If we were successful, we added two pairs of sums together:

      binary | decimal
     10   01 | 2 1 <-- even sums
 +   01   01 | 1 1 <-- odd sums
   --------- | ---
   0011 0010 | 3 2

   1011 0110 <-- starting bits

Looks good! Now all we have to do is add our final two sums together. Once more, we double our shift amount, and change the bit mask pattern.

   00110010 <-- result B from above
 & 00001111
   --------
   00000010 <-- right sum

   00110010 <-- result B from above
      >> 4
   --------
   00000011 <-- left sum shifted

   00000011 <-- left sum shifted from right above
 & 00001111
   --------
   00000011 <-- left sum

   00000010 <-- right sum
 + 00000011 <-- left sum
   --------
   00000101 <-- final sum, 5 in decimal

And there we are! The starting bits were 10110110, and there are indeed 5 1-bits.
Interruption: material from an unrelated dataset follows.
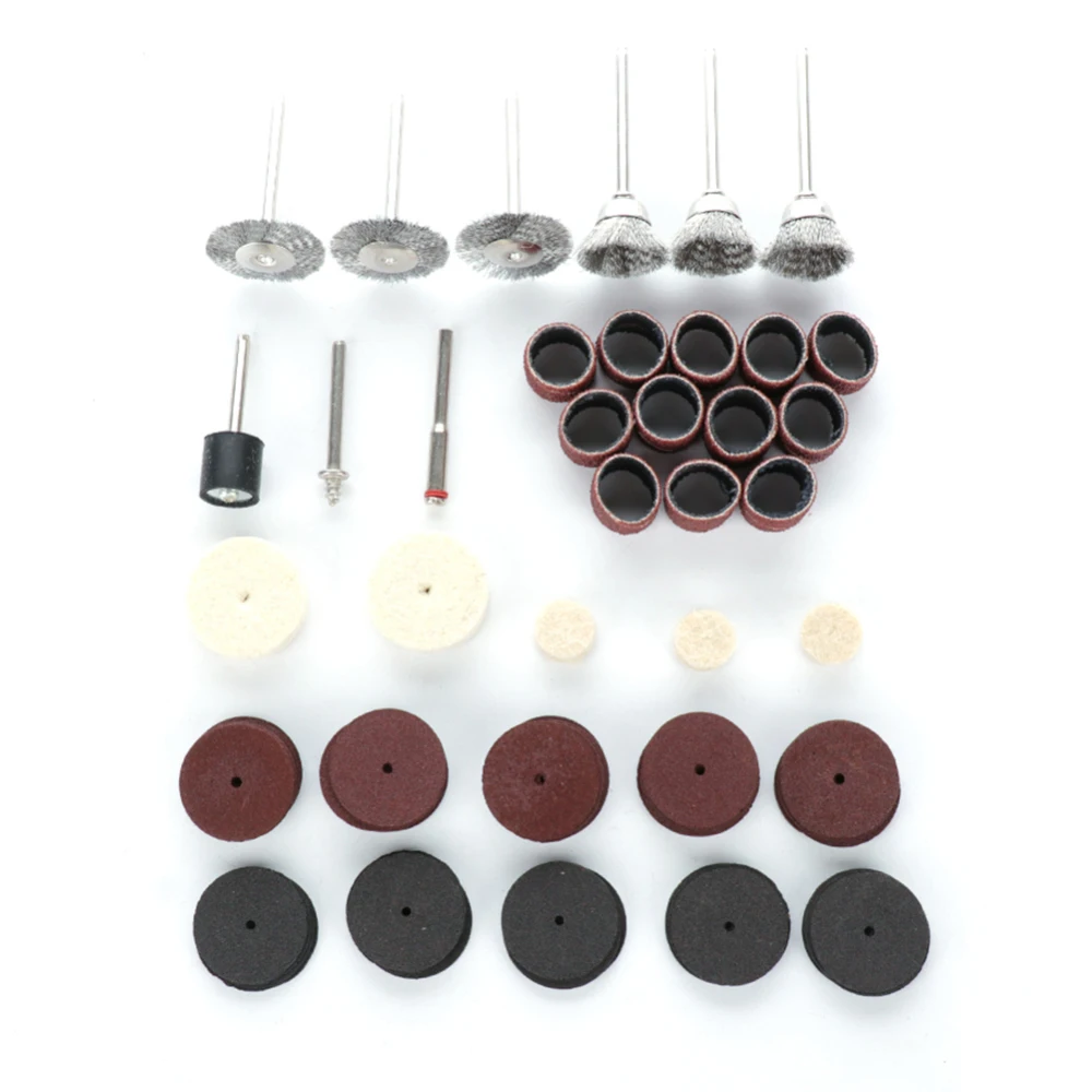 -Отрезать колеса для нарезки и резки большинства цветных металлов, дерева и пластика. Щетиная щетка для снятия заусенцев, светильник для очистки и полировки серебра и ювелирных изделий.
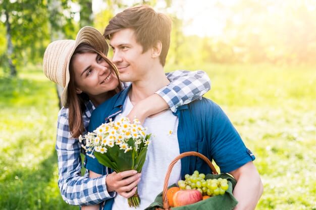 Femme enthousiaste accueille son mari au pieu

In go 1.13 code, the above would look like this:

package main

import (
	"fmt"
)

func main() {
	var startBits uint8 = 0b10110110
	x := startBits
	x = (x & 0b01010101) + ((x >> 1) & 0b01010101)
	x = (x & 0b00110011) + ((x >> 2) & 0b00110011)
	x = (x & 0b00001111) + ((x >> 4) & 0b00001111)
	fmt.Printf("Number of 1-bits in %08b: %d\n", startBits, x)
}

$ go1.13rc1 build
$ ./popcnt 
Number of 1-bits in 10110110: 5

In the Go example, I only count the 1-bits in a byte. For the more common use-cases of 32-bit or 64-bit numbers, you can extend out the pattern above. Also, the above code can be simplified (and therefore sped up) even more, which books like Hacker's Delight will show you how to do. Of course, I'll return to the advice from the top; modern CPUs have an instruction to do this, so always favor that.